Vital Marine Plants in Steep Decline

A MERIS satellite image acquired July 11, 2010 shows blue-green algae blooms in the Baltic Sea. Canadian scientists are "flagging up warnings" to the world as new research shows a marine species is rapidly dying, which could significantly change the way humans live - from what we eat to the air we breathe.

Rising sea temperatures can harm the tiny plant life that forms the base of the oceans' food chain as well as affect the diversity of marine life, two new studies have found.

In research published Wednesday by the journal Nature, scientists found a strong link between higher sea-surface temperatures and a major decline over the past century in marine algae, or phytoplankton. These microscopic plants generate roughly half of all organic matter—the building block of life—on the planet.

A second study, also published in Nature, concludes that warmer seas can influence marine diversity, potentially rearranging the global distribution of ocean life.

Over the years, humans have affected the oceans by polluting and over-fishing and through habitat alteration caused by dredging and other activities. Less understood is the role of higher sea temperatures. Scientists, many of whom believe the increase to be linked to global climate change, estimate the oceans have warmed by roughly half a degree Celsius on average over the past 100 years.

Phytoplankton has flourished in many coastal areas because increased runoff from rivers brings nutrients that the algae gorge on. But no one has properly assessed whether the global oceans are losing or gaining phytoplankton, which forms the base of the marine food chain, from crustaceans to fish and ultimately to humans.

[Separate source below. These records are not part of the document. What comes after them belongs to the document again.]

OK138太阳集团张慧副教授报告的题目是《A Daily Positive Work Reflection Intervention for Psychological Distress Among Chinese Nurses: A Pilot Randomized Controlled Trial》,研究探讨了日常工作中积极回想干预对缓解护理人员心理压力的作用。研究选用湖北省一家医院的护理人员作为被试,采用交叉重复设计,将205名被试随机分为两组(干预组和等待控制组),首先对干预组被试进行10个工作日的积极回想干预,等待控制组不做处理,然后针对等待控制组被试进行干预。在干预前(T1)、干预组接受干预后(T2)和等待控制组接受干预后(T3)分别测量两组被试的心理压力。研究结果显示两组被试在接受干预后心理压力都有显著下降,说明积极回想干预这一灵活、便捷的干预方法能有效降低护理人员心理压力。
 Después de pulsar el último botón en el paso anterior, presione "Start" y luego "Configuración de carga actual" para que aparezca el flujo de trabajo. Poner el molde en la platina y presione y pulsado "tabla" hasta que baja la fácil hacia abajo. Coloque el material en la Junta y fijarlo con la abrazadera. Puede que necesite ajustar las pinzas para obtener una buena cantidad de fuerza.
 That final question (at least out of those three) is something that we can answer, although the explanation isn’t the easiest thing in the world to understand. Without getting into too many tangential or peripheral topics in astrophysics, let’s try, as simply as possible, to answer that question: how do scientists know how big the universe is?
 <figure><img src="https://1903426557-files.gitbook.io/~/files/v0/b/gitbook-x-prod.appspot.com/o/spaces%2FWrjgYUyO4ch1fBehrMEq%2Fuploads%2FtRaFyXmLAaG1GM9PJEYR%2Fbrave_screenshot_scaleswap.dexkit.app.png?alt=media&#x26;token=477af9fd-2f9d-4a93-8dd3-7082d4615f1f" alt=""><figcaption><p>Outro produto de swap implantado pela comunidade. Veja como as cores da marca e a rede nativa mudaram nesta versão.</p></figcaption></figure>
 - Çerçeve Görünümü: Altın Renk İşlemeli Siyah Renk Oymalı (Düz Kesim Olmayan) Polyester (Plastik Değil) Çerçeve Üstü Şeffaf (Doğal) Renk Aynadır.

Consistent satellite-based measurements of the algae exist only from 1997. Scientists at Dalhousie University in Nova Scotia, Canada, instead used data obtained with a simple oceanography device used since the late 1800s known as a Secchi—a disk lowered into the water to measure phytoplankton abundance.

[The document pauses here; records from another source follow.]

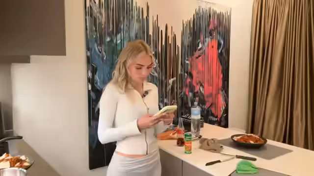 01:27:25Die Spaghetti Bolognese ist fertig, aber das Ergebnis fällt bescheiden aus und sieht eher trocken aus. Die Streamerin hat Bedenken, dass ihre Freundin Katja das Essen nicht lecker finden wird. Sie planen stattdessen, zusammen einen Film zu schauen und vielleicht etwas zu snacken. Sie zeigen ihre Enttäuschung über das Ergebnis mit einem Augenzwinkern.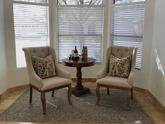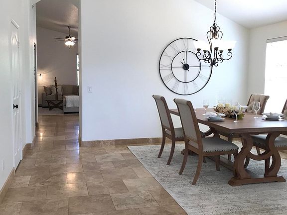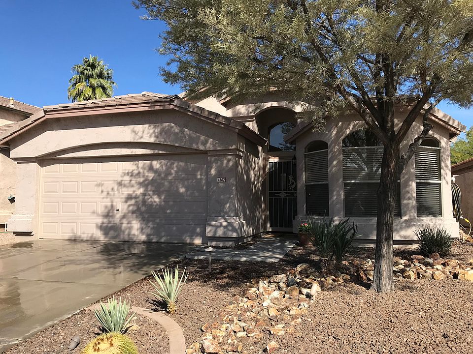 Desert Ridge living at its finest. Travertine floors throughout and neutral colors make this home move-in ready. The kitchen features custom cabinets with detailed molding and stainless appliances. You’ll love cooking on the natural gas range and saving on your utility bills with the gas dryer and water heater. Custom cabinets continue throughout for added storage in the laundry room and master bath. The home features a formal dining room and living area for indoor entertaining. Master suite includes a huge walk-in closet, granite counters, double sinks, and separate backyard access. Garage has water softener loop, storage cabinets, and an overhead storage rack. Backyard has an extended patio for outdoor entertaining, mature citrus tree, low maintenance landscaping & artificial grass.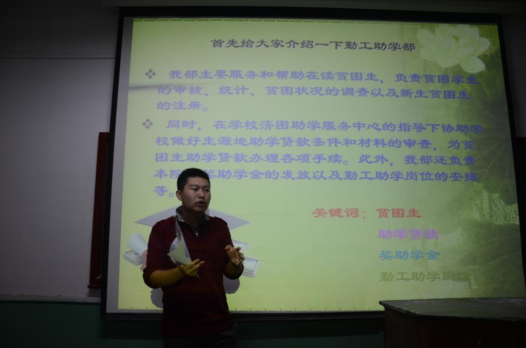 学生会同学分别就考试问题、卫生检查制度以及勤工助学方法为新生进行了讲座。向新生详细的介绍了大学学习、卫生、勤工助学问题以及卫生区打扫方法和检查标准,重点强调了考风考纪、贫困生助学等知识,并对新生提出的疑问做出了耐心解答。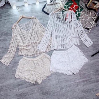 Set biển - set ren áo dài tay + quần ren gấu cánh hoa (có bán tách rời)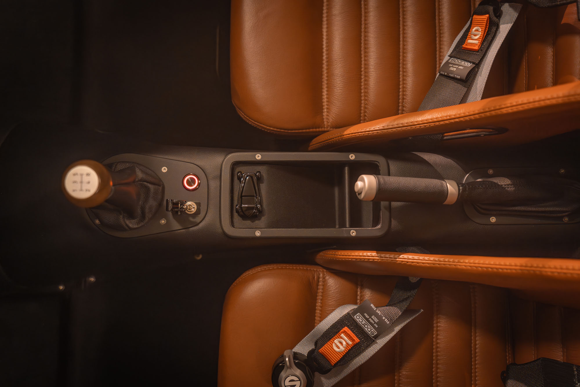All of the racing experience of the SP40 team was poured into the construction and fine-tuning of the Restomod. Development began at the racetrack, where the bare chassis was tested extensively without bodywork, enabling refinement of mechanical systems while the exterior design was still in progress. The prototype was equipped with custom-designed coilover shock absorbers, adjustable for ride height as well as compression and rebound stiffness. Countless testing sessions followed, experimenting with spring rates, shock settings, torsion bars, camber, and toe until the optimal balance was achieved. Test drives and setup work were carried out by drivers from the Sport Prototype category alongside the racing team, whose feedback was crucial in shaping the car’s final behavior. The result is a chassis that feels alive yet composed, transmitting confidence at the limit and carrying that balance directly into the production SP40 Restomod Speedster.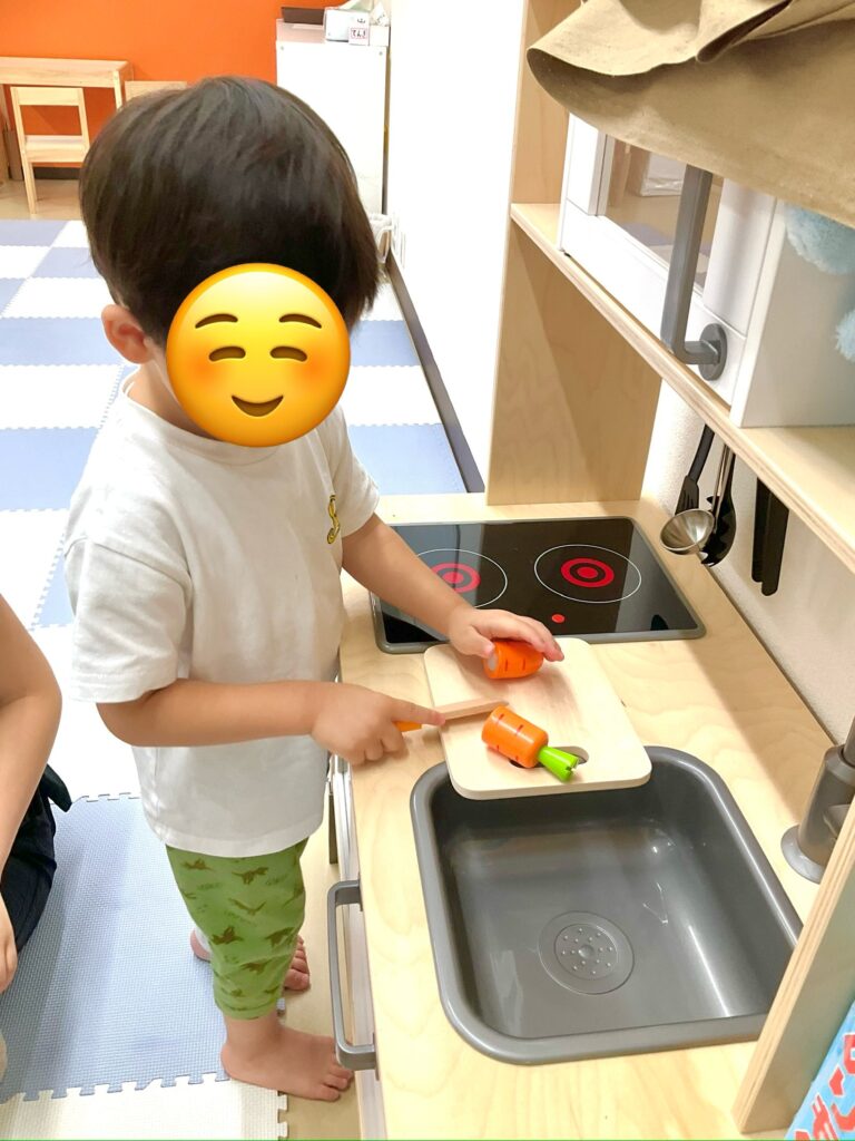 おままごとの包丁でにんじんを切っています🥕

By collating and analyzing about half a million Secchi observations, plus other direct measurements of algae, the Dalhousie team estimated that phytoplankton levels declined by about 1% of the global average each year from 1899 onward. The data are more reliable for recent decades, translating into a 40% decline since 1950.

The team investigated several factors that could have caused the decline. "We found that temperature had the best power to explain the changes," said Boris Worm, a marine biologist at Dalhousie and co-author of the study.

Marine algae live in the upper layers of the ocean but rely on nutrients that circulate up from lower layers. Rising temperatures mean the different layers mix less with each other, so fewer nutrients reach the algae. However, Dr. Worm noted that algal abundance can be affected by other factors, such as shifts in predator-prey populations.